Every Mellors’ monologue made me feel like I was at Thanksgiving dinner with an unhinged conservative relative. You know the one I’m talking about – the one who’ll claims he’s all for personal freedom but then goes on an unprompted, homophobic rant and the whole time you’re just sitting there like, “Dude, I was just asking if you saw the new ‘Jumanji’ movie because I’m trying to make conversation.”
You could ask this person the most banal question like, “Do you like bananas?” and they would somehow manage to use that to feed their dark obsession with how the world is a terrible place and humanity is doomed. I know readers are titillated because Mellors says “f*ck” and “c*nt” a lot but have you ever actually spent time with someone like that? You soon realize that person has very little worth saying beyond “f*ck” and “c*nt.”
That’s not to mention D.H. Lawrence’s misogyny. Connie is defined entirely by her relationships with other men and doesn’t even like other women. One of Mellors’ greatest grievances is when women don’t act like women and men don’t act like men. And to be honest, despite finishing this book, I still have no idea what he means by that. He also says something about hating lesbians and maybe also women who are too aggressive in bed. It really didn’t make a lot of sense to me.
I also wasn’t sure how I was supposed to feel about Clifford, Connie’s disabled husband. If I were to hazard a guess, I think Lawrence was suggesting that since Clifford lost his sexual abilities in the war, he lost touch with an essential part of his manhood and, therefore, his humanity. His inability to love Connie sexually meant that he was unable to love Connie the way she needed. When Connie eventually leaves him, the loss of his wife, combined with his impotence, seems to cast him in an almost child-like role. Mentally, Clifford is a shrewd, intelligent adult, but due to his disability, he’s unable to be fully realized as a man.
I’m speculating on how we’re meant to interpret Clifford’s character, but obviously, I am not a fan of this story. The notion that paralyzed individual would be unable to show his wife physical affection is ridiculous and offensive. However, I would be very interested to see a story about a couple learning to navigate physical intimacy after one of them was disabled. I think that story that shows how two people can continue to love and support one another even after a facet of their relationship has to change is worth exploring. If this book had been “How Lady Chatterley’s Husband Got His Groove Back,” I probably would have liked it much more.
So no, I didn’t like the book “Lady Chatterley’s Lover” because the story made me feel bad.

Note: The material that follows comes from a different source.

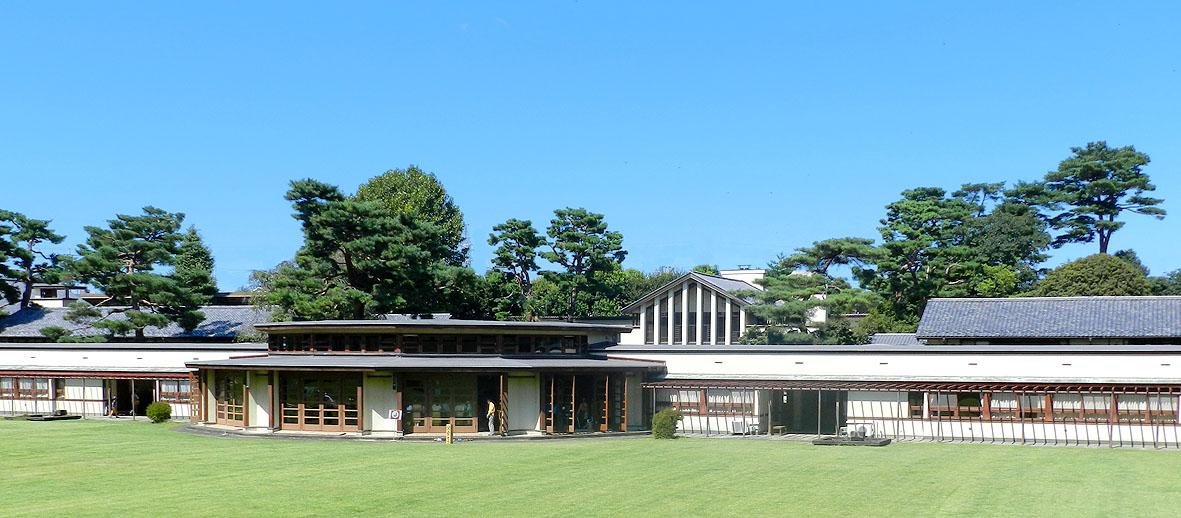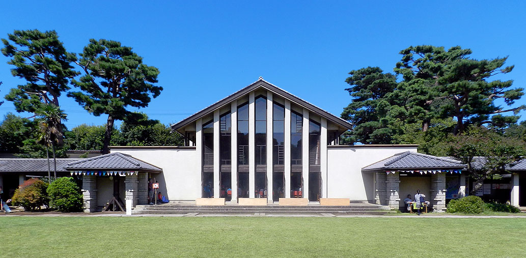 ![]() 南沢のキャンパスの中で一番広く、堂々としているのが、女子部エリアです。中心軸上に体操館、芝生中庭、食堂を並べ、その左右に2棟ずつ教室棟を配しています。このプランも、平等院鳳凰堂 ー 帝国ホテル ー 明日館 の系列にあると言えます。左側の講堂だけが左右対称から外れ、後からの付加のように見えてしまいますが。

Thus, I went into the Netflix version of “Lady Chatterley’s Lover” with low expectations. I still wanted to watch it because I enjoy period dramas and because I was curious. I anticipated a decent performance from Emma Corrin, who was fantastic as Princess Diana in “The Crown.” I also knew enough not to watch this movie in the presence of others because I am not socially adept enough to navigate watching graphic simulated sex with an audience. I cannot imagine the excruciating awkwardness someone must have felt expecting a chaste British love story and getting passionate British warm-hearted f*cking.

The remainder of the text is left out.